Input data:
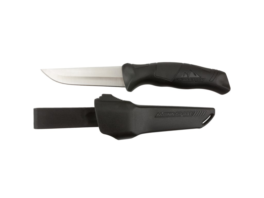 Nůž s plastovými střenkami Alpina Sport Ancho s pevnou čepelí a hladkým ostřím. Univerzální čepel je vyrobená z oceli 420.
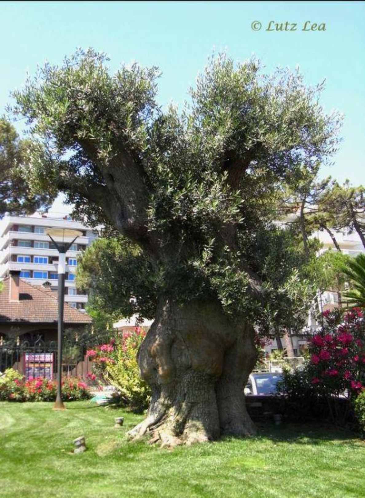 Knorrige, markante und alte ausgepflanzte Olive vor dem Hotel Palace.
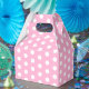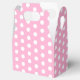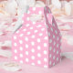 Gefälligkeitskasten in einem rosa-weißen Polka-Dots-Druck. Tipp: Fügen Sie ihm ein Band hinzu. Passen Sie dieses Objekt an oder kaufen Sie, wie es ist.
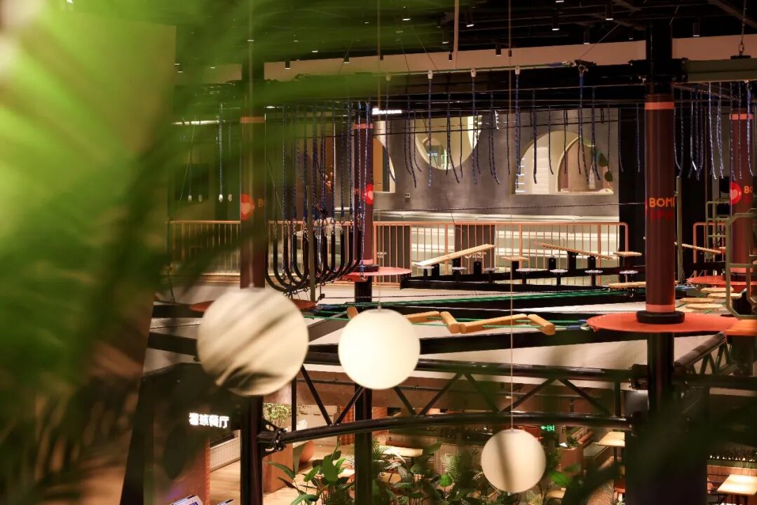 Eason介绍,弹力猩球店内复现了太阳宫的中庭结构,不仅作为其视觉中心,形成了有张力、有互动感的空间氛围;也作为其功能中心,承载了最受欢迎的攀岩、梅花桩、高空拓展、弯道旱雪等大型项目。此外,店内的设计还融入了许多绿植及自然意象的符号,将商场的中庭景观与店内的中庭景观联系起来,延续了太阳宫的室内自然之感。

Activity: I would like the material repeated in full and exactly, with its images omitted.

Answer for the task:
 Nůž s plastovými střenkami Alpina Sport Ancho s pevnou čepelí a hladkým ostřím. Univerzální čepel je vyrobená z oceli 420.
 Knorrige, markante und alte ausgepflanzte Olive vor dem Hotel Palace.
 Gefälligkeitskasten in einem rosa-weißen Polka-Dots-Druck. Tipp: Fügen Sie ihm ein Band hinzu. Passen Sie dieses Objekt an oder kaufen Sie, wie es ist.
 Eason介绍,弹力猩球店内复现了太阳宫的中庭结构,不仅作为其视觉中心,形成了有张力、有互动感的空间氛围;也作为其功能中心,承载了最受欢迎的攀岩、梅花桩、高空拓展、弯道旱雪等大型项目。此外,店内的设计还融入了许多绿植及自然意象的符号,将商场的中庭景观与店内的中庭景观联系起来,延续了太阳宫的室内自然之感。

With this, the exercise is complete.